She related all this not at a policy forum or in front of a class, but during her valedictory address at Encaenia in May 2019, taking advantage of the large, attentive audience at the traditional pre-commencement event for Fordham College at Rose Hill graduates and their families.

“This isn’t a story about what I overcame, or what so many of us have overcome. This is a story about how no one should have to,” said Happel, who majored in environmental studies. “There’s still time to fix this, but only if we start right now. Together, we have the power to solve the climate crisis.”

That crisis is getting more public attention because of nature itself, as wildfires have ravaged the West Coast this year and stoked public concern about extreme weather in a warming world. At Fordham, professors who have spent decades observing the effects of climate change offered insight into how science can help frame the need to take action.

Preserving Ecosystems

To build support for climate action, “you have to explain to people that their own survival depends on it, using economic terms and then health terms,” said Craig Frank, Ph.D., associate professor of biological sciences.

Craig Frank
Craig Frank

With species struggling—and possibly failing—to adapt quickly enough to rapid warming, natural processes that sustain humanity could be disrupted in ways we can’t anticipate, he said. In his own research at the Louis Calder Center, Fordham’s biological field station in Armonk, New York, he has seen eastern chipmunk populations drop by about two-thirds over the past two decades.

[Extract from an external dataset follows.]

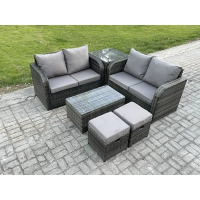 General description This 6-seater deluxe garden furniture set enhances the aesthetic of your courtyard, deck, backyard, porch, or swimming pool. Constructed from high-quality PE rattan and durable galvanized steel, it is designed to withstand adverse weather conditions and can be easily reconfigured to suit your needs. Technical specifications Side coffee table dimensions: 65L x 65W x 66H cm Small footstool dimensions (2 units): 40L x 40W x 34H cm Love sofa dimensions (2 units): 124W x 67D x 79H cm Oblong coffee table dimensions: 85L x 50W x 37H cm Seat cushion thickness: 8 cm Material: Dark grey mixed rattan with dark grey fabric 5mm thickness transparent tempered glass with sucker on surface Installation Items come flat packed and are easy to assemble. Sturdy galvanized steel tube metal frames with powder coating to prevent rust. Usage Low maintenance; removable cushion covers for easy cleaning. Keep cushions indoors or use a rain cover when not in use. Use a rain cover if the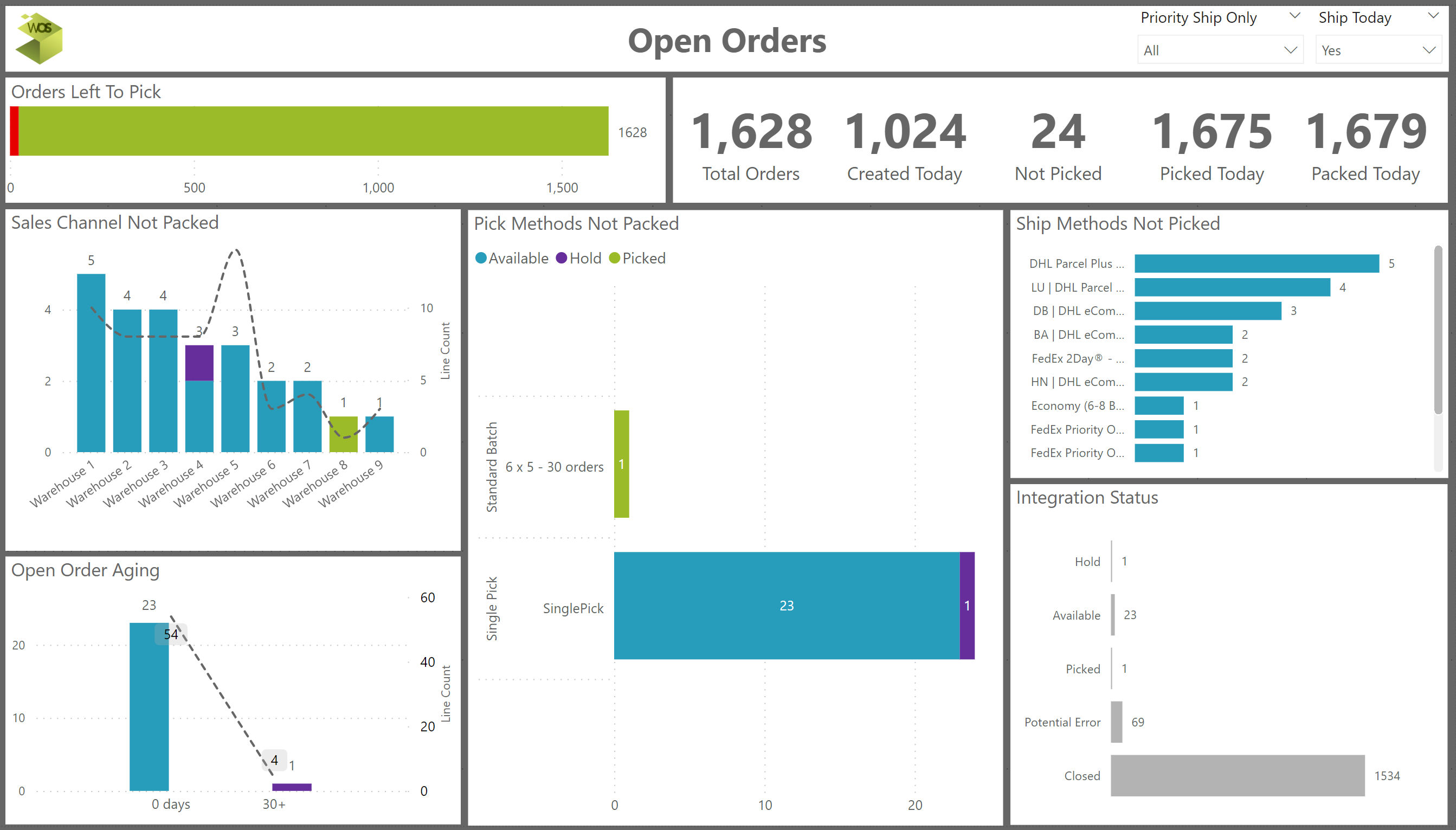 - Ship Today flag allows a split between priority orders. Work with WOS Support to get the details of what can be flagged as not needing to ship same-day

Warmer temperatures have changed the chemistry of seeds they feed on, preventing the chipmunks from lapsing into an energy-saving state of torpor while hibernating underground. To make it through a wakeful winter, they often need to gather more food than can be found in the forest, where trees are producing fewer seeds because of hotter and drier summers, Frank said. He estimated that nearly 1,000 mammal species use torpor in one way or another. It’s not clear, he said, how many hibernating species could adapt to environments that are changing at “an artificially rapid rate” due to growing concentrations of greenhouse gases in the atmosphere.

“We’re already in a situation where between 20% and 30% of the mammals in the world are threatened with extinction,” a figure that would grow substantially if warming temperatures keep disrupting hibernation, Frank said.

The highest rate of extinction is among plants, said Steven Franks, Ph.D., professor of biological sciences.

He has led or contributed to studies showing how field mustard plants are affected by extreme weather shifts. While they adapt to flower earlier in response to droughts, their seed production suffers, and earlier flowering can leave them more vulnerable to disease, he said. And when the plants respond to wetter periods by evolving to flower later, it’s that much harder for them to readapt when drought returns. The plants used in the studies were harvested in a part of California that, since 2004, has seen several droughts as severe as any in the prior 100 years after seeing only one such drought since 1977.

Steven Franks
Steven Franks

Drought is having “an enormous effect on many plants, and water scarcity is a really pressing environmental issue,” he said. “The population can be evolving and can even be evolving rapidly, but still not adapting fast enough to keep up with the rate of climate change, and the population still goes extinct.”

The rate of extinctions is accelerating, with about 1 million species—both plants and animals—at risk of dying out, “more than ever before in human history,” according to a 2019 statement by the Intergovernmental Science-Policy Platform on Biodiversity and Ecosystem Services. Many of them could go extinct within decades, the organization said.

Frank highlighted what else could be lost or affected when species die out. “The air that you breathe is a result of natural processes,” he said. “The food that you eat is a result of natural processes. The soil that grows the food is produced by natural process. The water that you drink, that’s a natural process, too. All these are what we call ecosystem services provided to [us].” And yet, “we don’t fully understand how the ecosystems work or how they’re interrelated,” he said.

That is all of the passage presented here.